Start of Material for the task

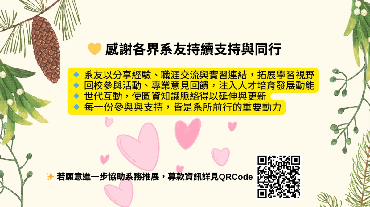3.【系友會長改選登記】:系友會目的在聯絡系有情感,促進彼此合作及發展,協助推廣增進系友情誼之相關活動。系友會長參選人登記時間延長至2020年12月12日,歡迎師長及同學們推薦有意願當家爸或家媽的系友,歡迎有服務熱枕、有理想抱負的系友們加入圖資系友會的行列。
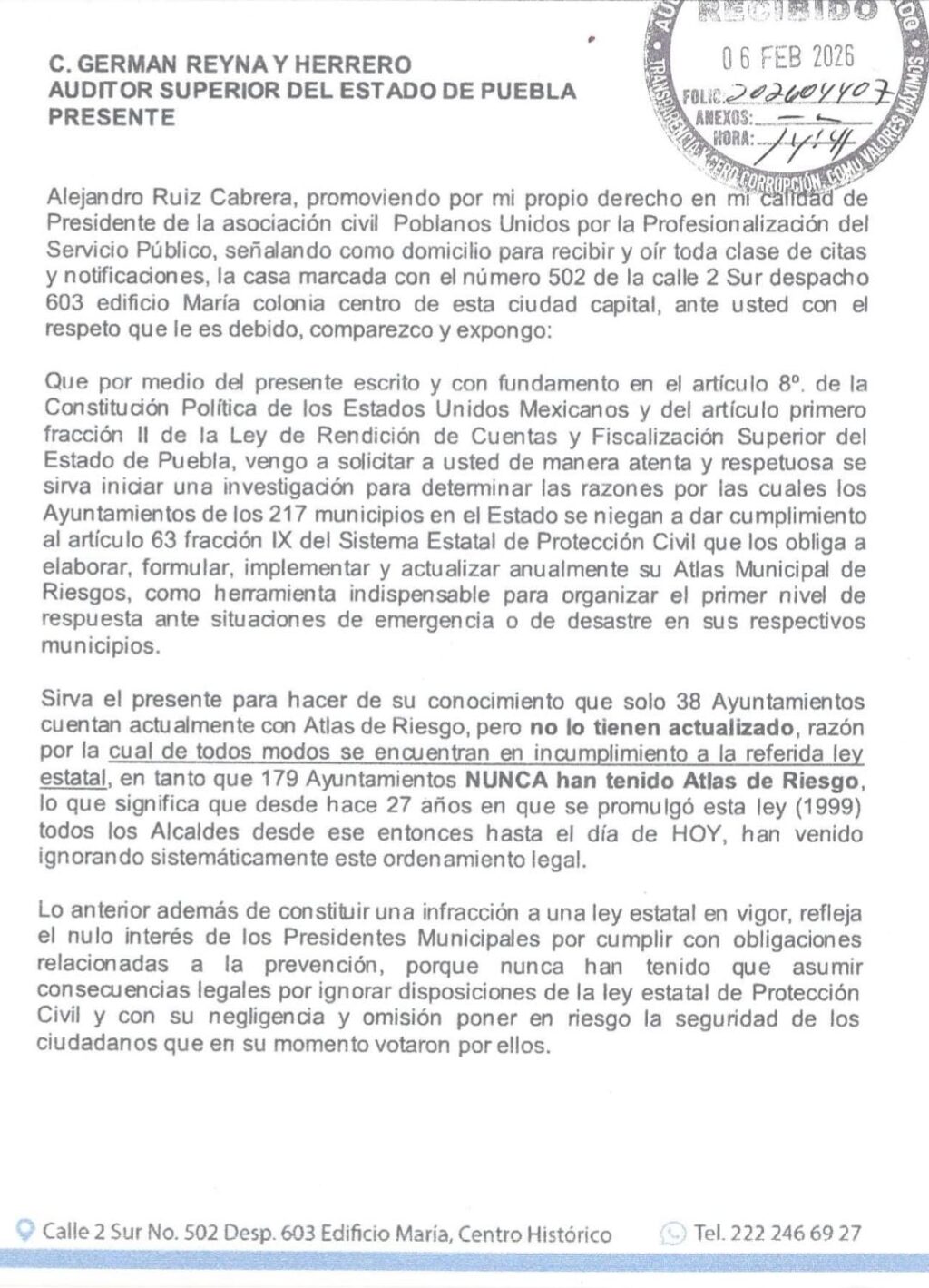 En este contexto, Poblanos Unidos hizo un llamado al Auditor Superior del Estado, Germán Reyna y Herrera, para que, en el marco de las auditorías que se realizan a los gobiernos municipales, se incluyan revisiones específicas sobre el cumplimiento de la Ley Estatal del Sistema de Protección Civil y se determinen las responsabilidades correspondientes.
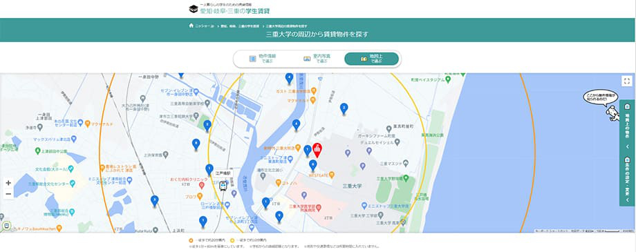 三重大学周辺の物件を地図で見る
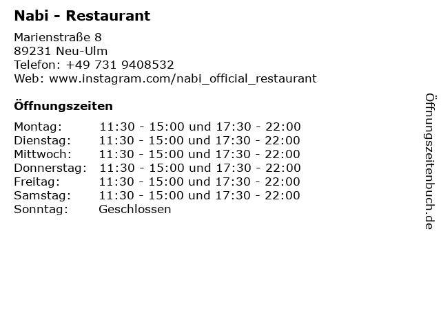 | Öffnungszeiten Nabi - Restaurant in Neu-Ulm anzeigen | |
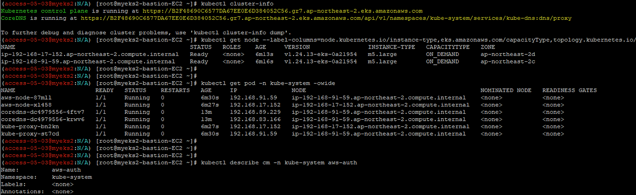 ip-192-168-75-253.ap-northeast-2.compute.internal Ready <none> 13m v1.24.13-eks-0a21954 ON_DEMAND m5.large

End of Material for the task

*Task brief:* Return the data verbatim, leaving out the pictures it holds.

*Answer below:*
3.【系友會長改選登記】:系友會目的在聯絡系有情感,促進彼此合作及發展,協助推廣增進系友情誼之相關活動。系友會長參選人登記時間延長至2020年12月12日,歡迎師長及同學們推薦有意願當家爸或家媽的系友,歡迎有服務熱枕、有理想抱負的系友們加入圖資系友會的行列。
 En este contexto, Poblanos Unidos hizo un llamado al Auditor Superior del Estado, Germán Reyna y Herrera, para que, en el marco de las auditorías que se realizan a los gobiernos municipales, se incluyan revisiones específicas sobre el cumplimiento de la Ley Estatal del Sistema de Protección Civil y se determinen las responsabilidades correspondientes.
 三重大学周辺の物件を地図で見る
 | Öffnungszeiten Nabi - Restaurant in Neu-Ulm anzeigen | |
 ip-192-168-75-253.ap-northeast-2.compute.internal Ready <none> 13m v1.24.13-eks-0a21954 ON_DEMAND m5.large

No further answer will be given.